Reviewed by: Douglas Downs
|Featuring:||Andrew Lawrence, Ashley Johnson, Courtland Mead, Jason Davis and Rickey D'Shon Collins|
|Producer:||Stephen Swofford, Joe Ansolabehere, Paul Germain|
|Distributor:||Walt Disney Pictures|
Disney’s early-2001 release “Recess: School’s Out” is the silver-screen version of a popular Saturday-morning cartoon. Adults may wonder why this only-average film didn’t go straight to video. Not wanting to be too harsh on this film, I took my ten-year-old son to the theater. His response: “it was O.K.”. We both agreed that the best part of the film was the use of oldies music to tie up the loose ends of this well-worn plot.
T.J. Dettweiler (voice of Andy Lawrence) leads a group of 4th grade misfits. “Recess:” begins on the last day of school, including the usual school-life antics. Students make fun of teachers and give school Principal Prickely (Dabney Coleman) plenty of trouble. When the cafeteria ladies find some leftover food on the last day of school, they decide to let it continue cooking all summer and serve it in the fall. We all laughed at the bad lunch joke.

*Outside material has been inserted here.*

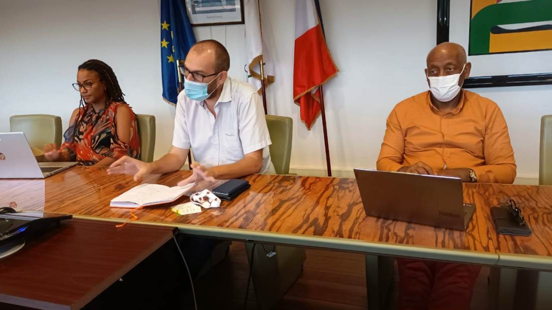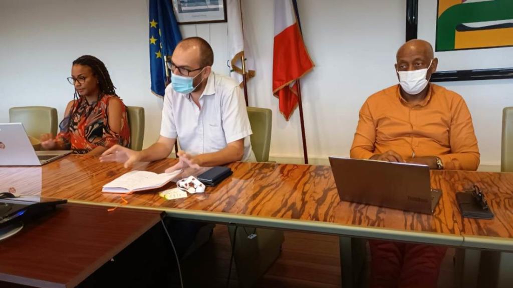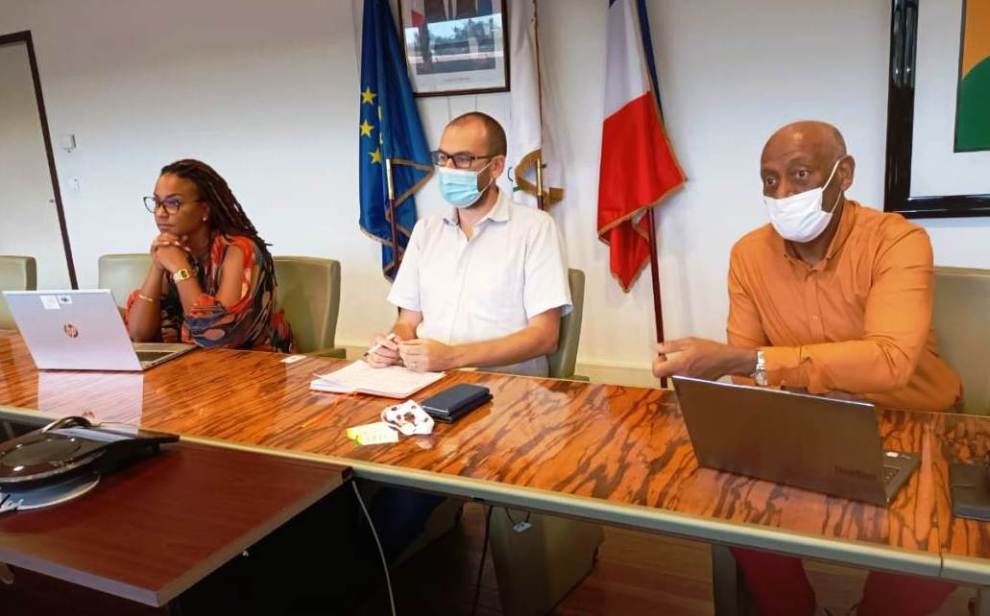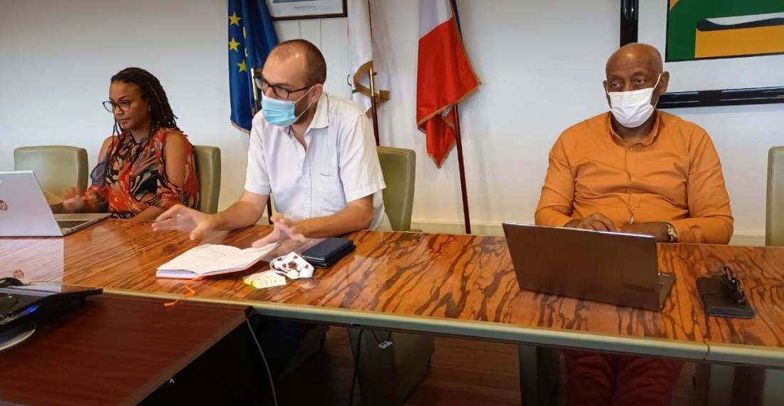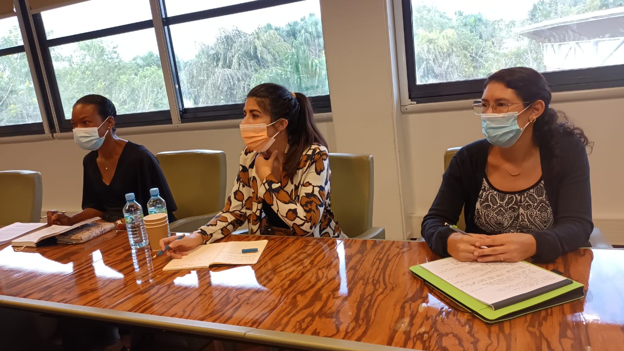 Ce mercredi 6 avril 2022 a eu lieu une rencontre entre Philippe Bouba, 5ème Vice-président de la Collectivité Territoriale de Guyane (CTG) délégué à l’Enseignement supérieur et à la Recherche, et une délégation de l’Unité de Recherche des Sciences Humaines et Sociales MINEA (Migrations, Interculturalité et Education en Amazonie) de l’Université de Guyane composée de Carole Hassoun, enseignant chercheur et Maître de conférence, et Isabel Travecedo, directrice adjointe de ce laboratoire et enseignant chercheur, conduite par sa directrice Mylène Danglades, maître de conférence de l’Université de Guyane, à l’Hôtel Territorial à Cayenne.

And now that summer vacation is upon them, all of T.J.’s friends skip town for various summer camps.
Shortly after they leave, T.J. observes strange activity going on at the school. He tries to tell the local law enforcement, but they just laugh him off. In fact, one of the subtle reoccurring messages in the film is that police never take the word of children seriously. T.J. finally convincences the school principal to check it out. After Prickely disappears, T.J. rounds up all his friends. The storie’s villain is Phil Benedict (James Woods), an ex-principal that tried to end recess years ago and worked hard at creating year-round school. He is a former secretary of education (in an obvious attempt at slamming former U.S. Cabinet secretary William Bennett.)
“Recess: School’s Out” is filled with satire and slang. It also has a lot of violence for a “G” rated film.
The mix of traditional cel animation and computer animation is weak. The screen writing is just alright. Parents play only small roles and seem to lack interest in their children. The voices of the stars and music will have the usual connection with the adults. My favorite part was Robert Goulet singing “My Green Tambourine” while they roll the credits. Unfortunately, this was the most imaginative part of the film. “Recess:” isn’t the worst film you could take your child to, but it is not the best. My suggestion is either wait for the film to hit the local second-run theater, or the video store, or just skip it.